The event is completely DIY. A global family email goes out. The organizer, different each year, starts a page on perfectpotluck.com for sign-ups. Guests bring the food, from appetizers to sweet potatoes to stuffing to coffee. We usually have four turkeys. Each family is assigned a time slot to help with setting up, serving or cleanup.

Guests come from as near as the pavilion’s town to as far away as San Francisco and Paris (France). Several live in New York, New Jersey and Connecticut, which is why it’s held where it is. My husband and I are the only Mainers. We never miss the affair.

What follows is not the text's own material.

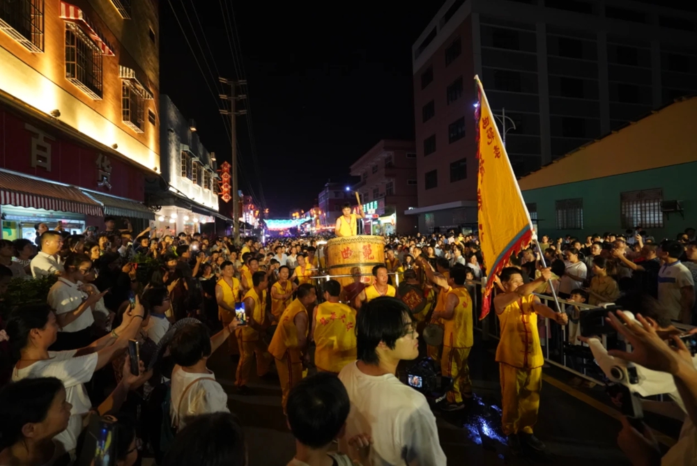 福明美食商業(yè)街揭牌亮燈儀式,非遺龍華大鼓演出。
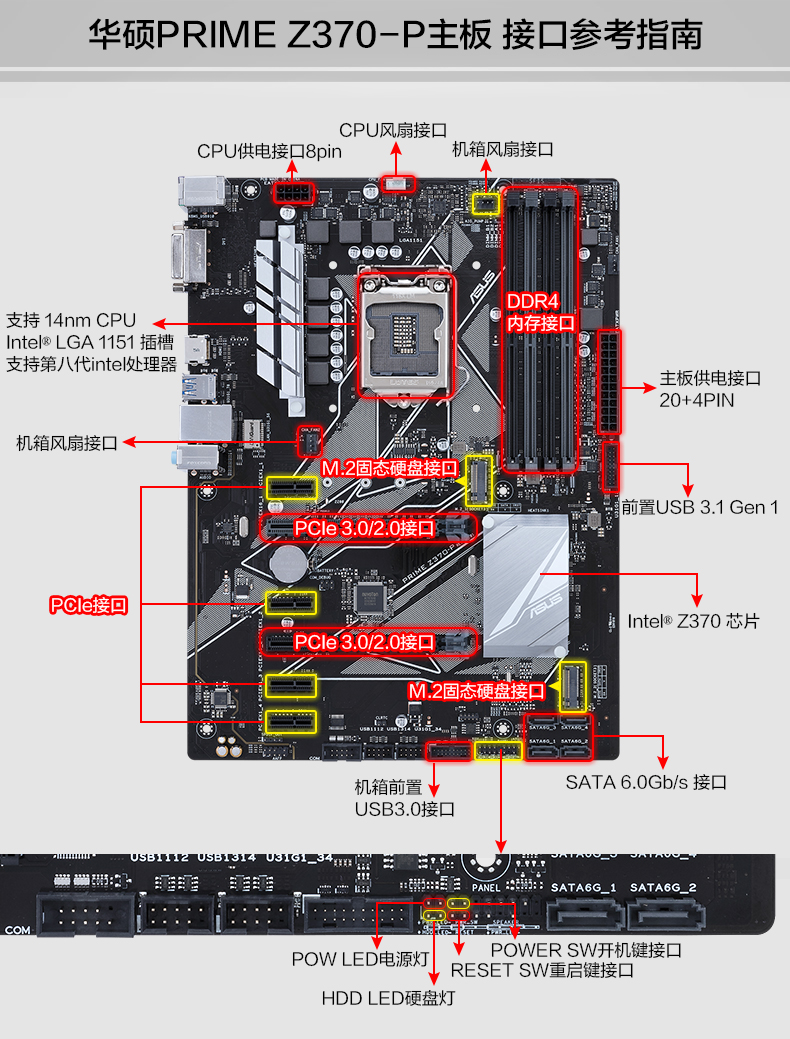 Asus/华硕 PRIME Z370-P台式机游戏电脑主板支持1151针i5 i7 CPU

After several years of working out the kinks, this family Thanksgiving now runs fairly smoothly. Much is done ahead of time. Hotel pans and hot plates are brought in for the buffet. The turkeys get sliced off site. One year, a cousin hauled two microwaves from Pennsylvania and worked backstage so we all got piping hot mashed potatoes.

It’s worked. But for years (too many years), we’ve resorted to disposable plates, plastic cutlery and paper napkins and tablecloths. Our numbers are large, and there is no dishwasher at the pavilion. All of the reusable serving dishes have been washed by hand – itself no small task – and the chore takes up the valuable sink space.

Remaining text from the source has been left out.